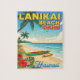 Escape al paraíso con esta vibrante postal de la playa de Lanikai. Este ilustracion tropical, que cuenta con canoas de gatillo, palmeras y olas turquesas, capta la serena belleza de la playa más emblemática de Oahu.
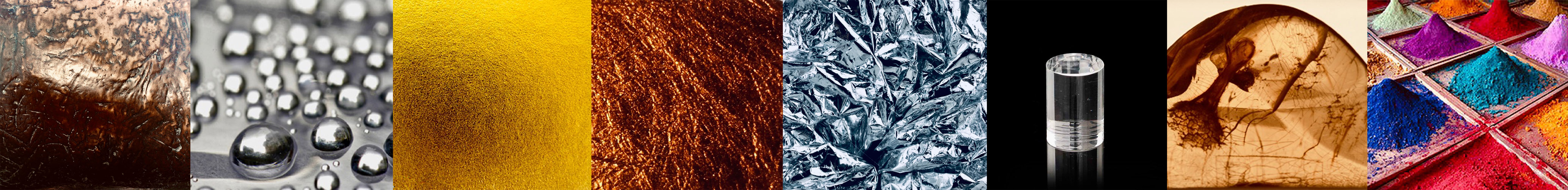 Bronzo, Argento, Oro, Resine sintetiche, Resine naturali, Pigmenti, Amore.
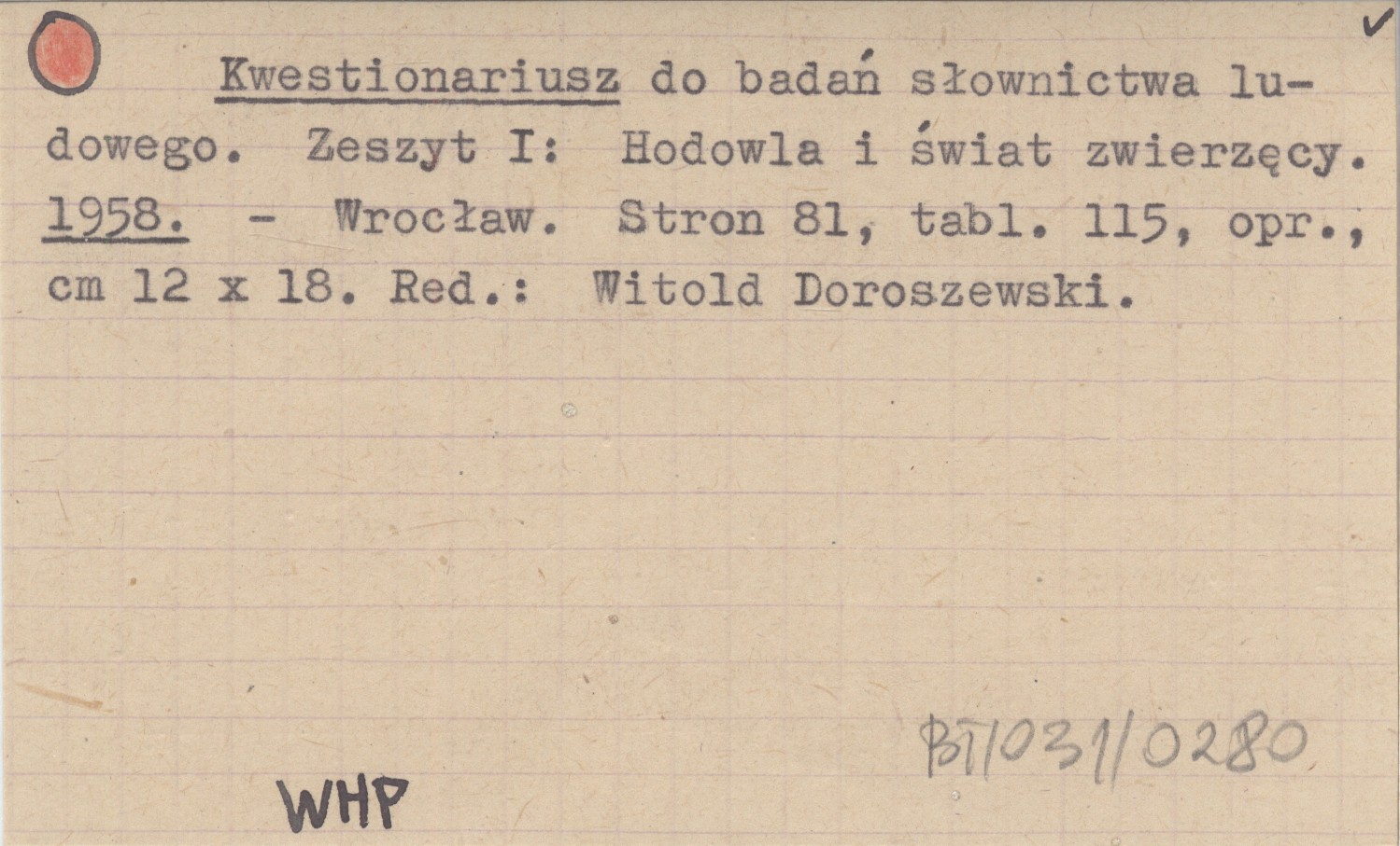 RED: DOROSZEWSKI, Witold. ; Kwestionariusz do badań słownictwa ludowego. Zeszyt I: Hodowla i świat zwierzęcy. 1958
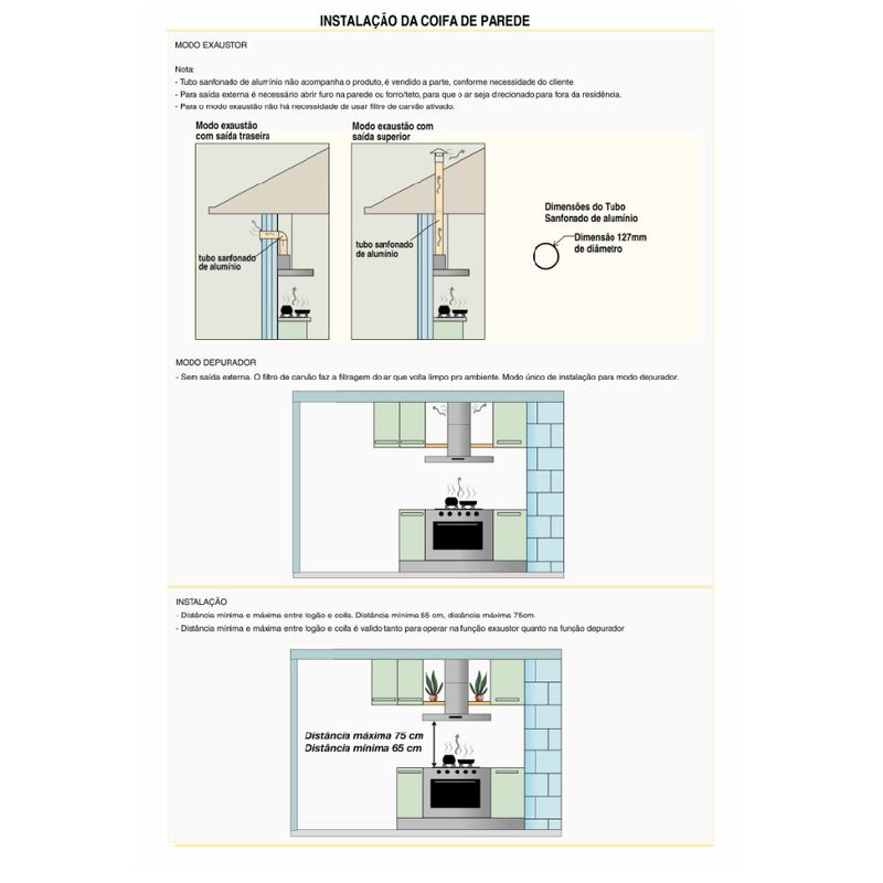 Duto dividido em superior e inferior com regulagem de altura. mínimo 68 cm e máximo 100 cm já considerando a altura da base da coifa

■ The task ■
Output the listing above exactly, pictures omitted.

■ Reply ■
 Escape al paraíso con esta vibrante postal de la playa de Lanikai. Este ilustracion tropical, que cuenta con canoas de gatillo, palmeras y olas turquesas, capta la serena belleza de la playa más emblemática de Oahu.
 Bronzo, Argento, Oro, Resine sintetiche, Resine naturali, Pigmenti, Amore.
 RED: DOROSZEWSKI, Witold. ; Kwestionariusz do badań słownictwa ludowego. Zeszyt I: Hodowla i świat zwierzęcy. 1958
 Duto dividido em superior e inferior com regulagem de altura. mínimo 68 cm e máximo 100 cm já considerando a altura da base da coifa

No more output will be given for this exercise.